- _AIM OF THE TASK_: When you write out the listing, keep every character and omit the pictures.

- _DATA_:

Start of Block

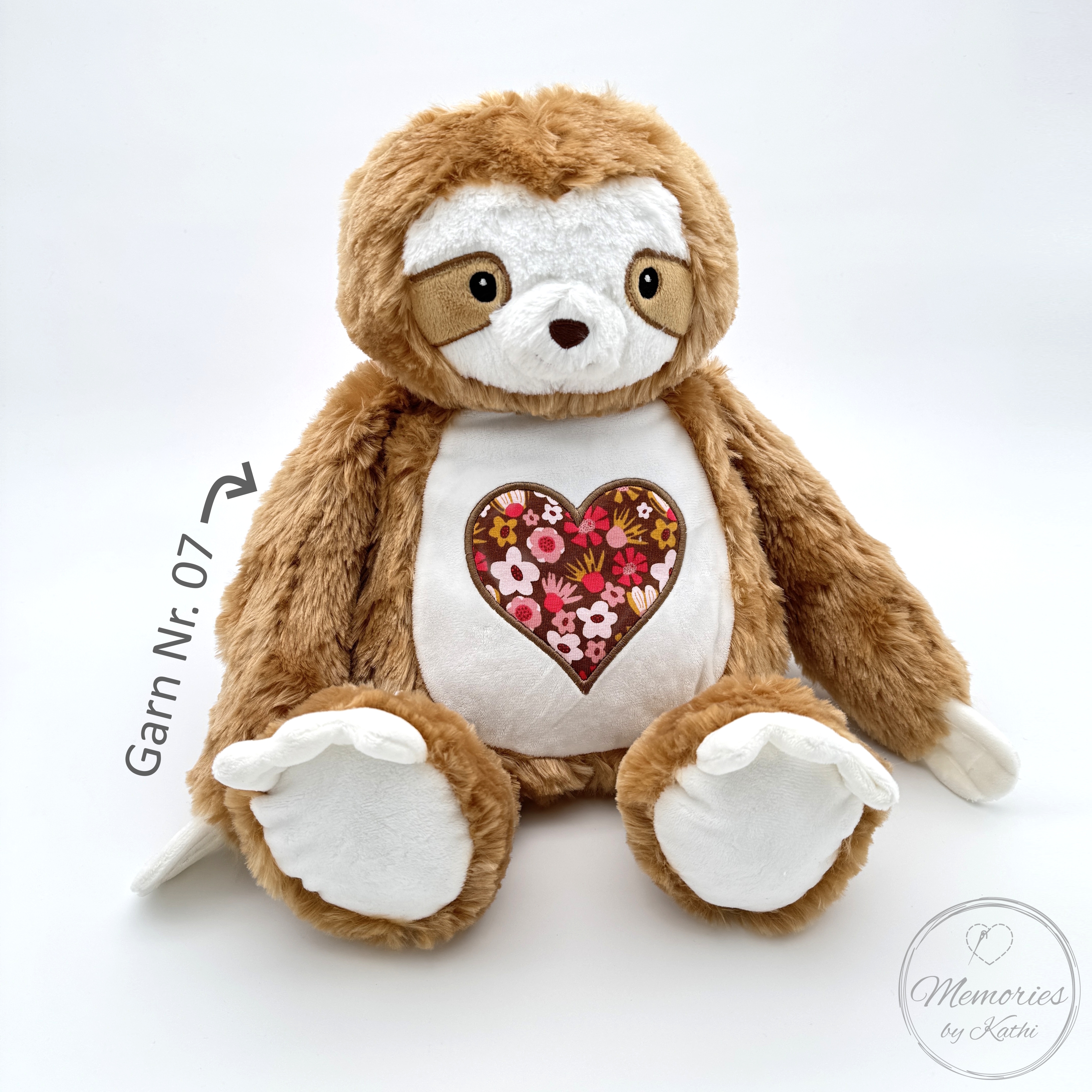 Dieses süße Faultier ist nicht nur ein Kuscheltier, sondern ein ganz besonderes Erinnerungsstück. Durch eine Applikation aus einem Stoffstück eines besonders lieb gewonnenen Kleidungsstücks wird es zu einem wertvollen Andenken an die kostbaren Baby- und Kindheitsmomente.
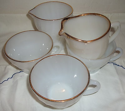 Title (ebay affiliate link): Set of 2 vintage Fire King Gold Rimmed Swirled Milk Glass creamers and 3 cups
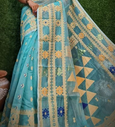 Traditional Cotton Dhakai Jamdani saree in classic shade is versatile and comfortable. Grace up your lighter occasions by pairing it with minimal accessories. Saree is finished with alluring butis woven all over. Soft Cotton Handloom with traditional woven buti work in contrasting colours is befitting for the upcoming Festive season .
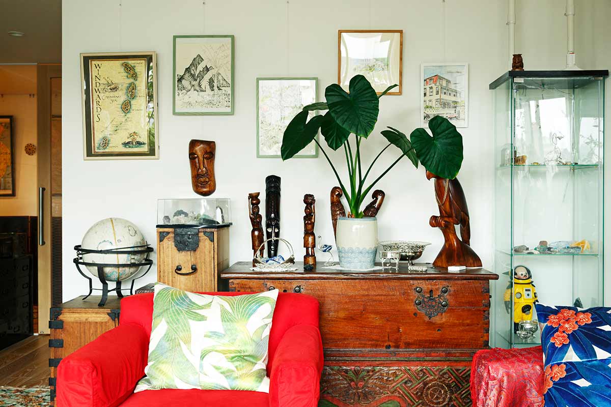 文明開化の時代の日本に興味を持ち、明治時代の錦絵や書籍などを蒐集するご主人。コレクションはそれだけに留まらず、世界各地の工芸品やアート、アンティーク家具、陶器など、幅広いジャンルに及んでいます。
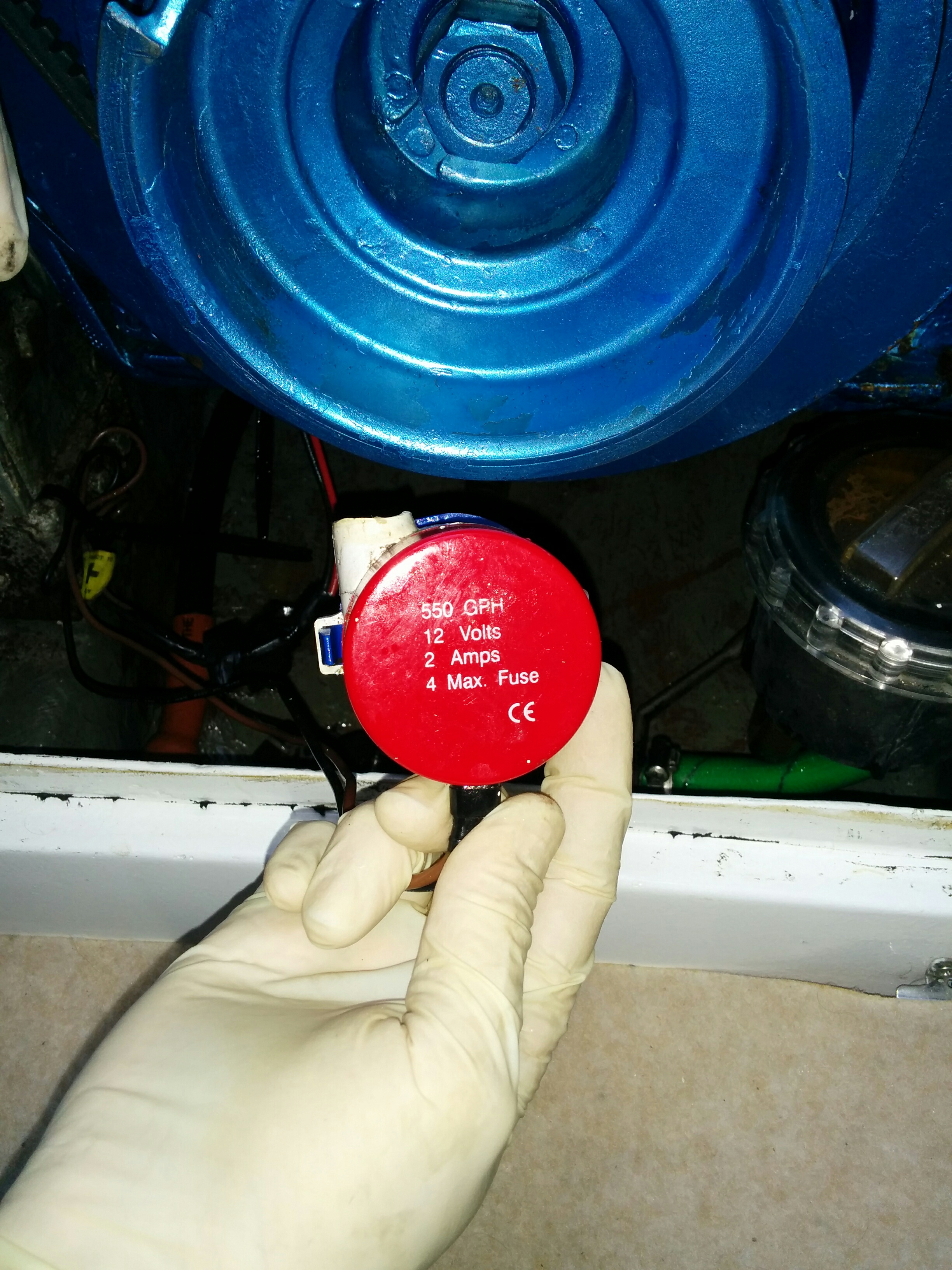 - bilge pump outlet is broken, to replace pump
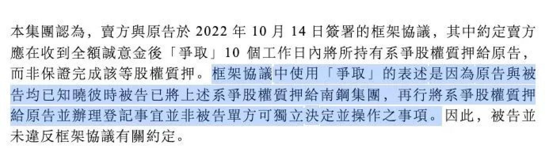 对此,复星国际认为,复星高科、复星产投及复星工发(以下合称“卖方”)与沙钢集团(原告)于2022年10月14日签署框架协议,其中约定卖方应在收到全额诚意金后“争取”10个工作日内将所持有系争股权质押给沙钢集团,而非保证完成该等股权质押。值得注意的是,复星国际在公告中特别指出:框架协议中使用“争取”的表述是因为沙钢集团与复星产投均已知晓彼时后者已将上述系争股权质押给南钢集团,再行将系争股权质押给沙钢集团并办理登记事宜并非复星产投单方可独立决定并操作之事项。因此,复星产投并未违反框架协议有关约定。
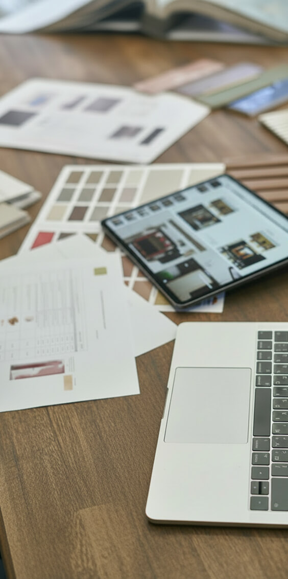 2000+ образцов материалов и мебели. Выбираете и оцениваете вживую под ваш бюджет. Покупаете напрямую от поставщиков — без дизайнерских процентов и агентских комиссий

End of Block

- _RESULT_:
 Dieses süße Faultier ist nicht nur ein Kuscheltier, sondern ein ganz besonderes Erinnerungsstück. Durch eine Applikation aus einem Stoffstück eines besonders lieb gewonnenen Kleidungsstücks wird es zu einem wertvollen Andenken an die kostbaren Baby- und Kindheitsmomente.
 Title (ebay affiliate link): Set of 2 vintage Fire King Gold Rimmed Swirled Milk Glass creamers and 3 cups
 Traditional Cotton Dhakai Jamdani saree in classic shade is versatile and comfortable. Grace up your lighter occasions by pairing it with minimal accessories. Saree is finished with alluring butis woven all over. Soft Cotton Handloom with traditional woven buti work in contrasting colours is befitting for the upcoming Festive season .
 文明開化の時代の日本に興味を持ち、明治時代の錦絵や書籍などを蒐集するご主人。コレクションはそれだけに留まらず、世界各地の工芸品やアート、アンティーク家具、陶器など、幅広いジャンルに及んでいます。
 - bilge pump outlet is broken, to replace pump
 对此,复星国际认为,复星高科、复星产投及复星工发(以下合称“卖方”)与沙钢集团(原告)于2022年10月14日签署框架协议,其中约定卖方应在收到全额诚意金后“争取”10个工作日内将所持有系争股权质押给沙钢集团,而非保证完成该等股权质押。值得注意的是,复星国际在公告中特别指出:框架协议中使用“争取”的表述是因为沙钢集团与复星产投均已知晓彼时后者已将上述系争股权质押给南钢集团,再行将系争股权质押给沙钢集团并办理登记事宜并非复星产投单方可独立决定并操作之事项。因此,复星产投并未违反框架协议有关约定。
 2000+ образцов материалов и мебели. Выбираете и оцениваете вживую под ваш бюджет. Покупаете напрямую от поставщиков — без дизайнерских процентов и агентских комиссий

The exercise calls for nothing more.